1. Robert & Bertrand

    From “Parisian Caricature,” first published in the London and West minter Review for April, 1839 (Volume 32, No. 2, pp. 282-305)

    A play was written, some twenty years since, called the “Auberge des Adrets, ” in which the characters of two robbers escaped from the galleys were introduced —Robert Macaire, the clever rogue above mentioned, and Bertrand, the stupid rogue, his friend, accomplice, butt, and scapegoat, on all occasions of danger. It is needless to describe the play—a witless performance enough, of which the joke was Macaire’s exaggerated style of conversation, a farrago of all sorts of high-flown sentiments such as the French love to indulge incontrasted with his actions, which were philosophically unscrupulous, and his appearance, which was most picturesquely sordid. The play had been acted, we believe, and forgotten, when a very clever actor, M. Frederic Lemaitre, took upon himself the performance of the character of Robert Macaire, and looked, spoke, and acted it to such admirable perfection, that the whole town rung with applauses of the performance, and the caricaturists delighted to copy his singular figure and costume. M. Robert Macaire appears in a most picturesque green coat, with a variety of rents and patches, a pair of crimson pantaloons ornamented in the same way, enormous whiskers and ringlets, an enormous stock and shirt-frill, as dirty and ragged as stock and shirt-frill can be, the relic of a hat very gaily cocked over one eye, and a patch to take away somewhat from the brightness of the other—these are the principal pieces of his costume—a snuff-box like a creaking warming-pan, a handkerchief hanging together by a miracle, and a switch of about the thickness of a man’s thigh, formed the ornaments of this exquisite personage. He is a compound of Fielding’s “Blueskin” and Goldsmith’s “Beau Tibbs.” He has the dirt and dandyism of the one, with the ferocity of the other : sometimes he is made to swindle, but where he can get a shilling more, M. Macaire will murder without scruple : he performs one and the other act (or any in the scale between them) with a similar bland imperturbability, and ac-companies his actions with such philosophical remarks as may be expected from a person of his talents, his energies, his amiable life and character.

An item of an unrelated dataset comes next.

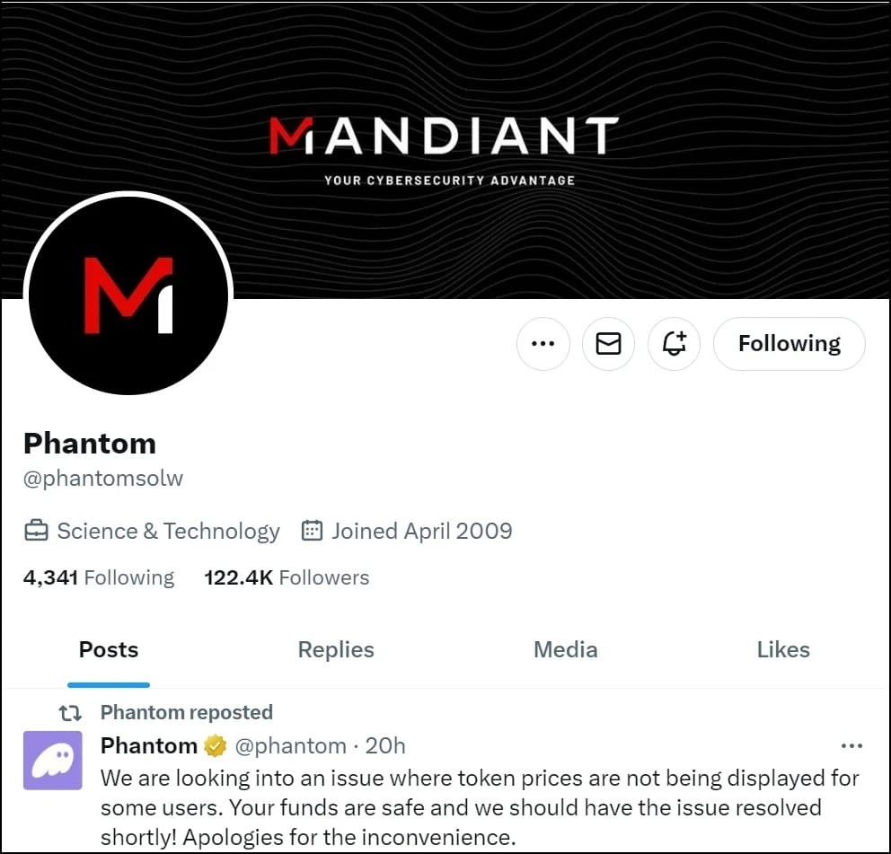 Cybersecurity giant Mandiant, a subsidiary of Google, faced an ironic twist today when its Twitter account was compromised. The attackers swiftly transformed it into @phantomsolw, masquerading as the Phantom crypto wallet. Their agenda? Promoting a fraudulent website offering free $PHNTM tokens in a classic airdrop scam.

    Bertrand is the simple recipient of Macaire’s jokes, and makes vicarious atonement for his crimes, acting, in fact, the part which pantaloon performs in the pantomime, who is entirely under the fatal influence of clown. He is quite as much a rogue as that gentleman, but he has not his genius and courage. So, in pantomimes (it may, doubtless, have been remarked by the reader), clown always leaps first, pantaloon following after, more clumsily and timidly than his bold and accomplished friend and guide. Whatever blows are destined for clown, fall, by some means of ill-luck, upon the pate of pantaloon; whenever the clown robs, the stolen articles are sure to be found in his companion’s pocket; and thus exactly Robert Macaire and his companion Bertrand are made to go through the world; both swindlers, but the one more accomplished than the other. Both robbing all the world, and Robert robbing his friend, and, in the event of danger, leaving him faithfully in the lurch. There is, in the two characters, some grotesque good for the spectator —a kind of “Beggars’ Opera” moral.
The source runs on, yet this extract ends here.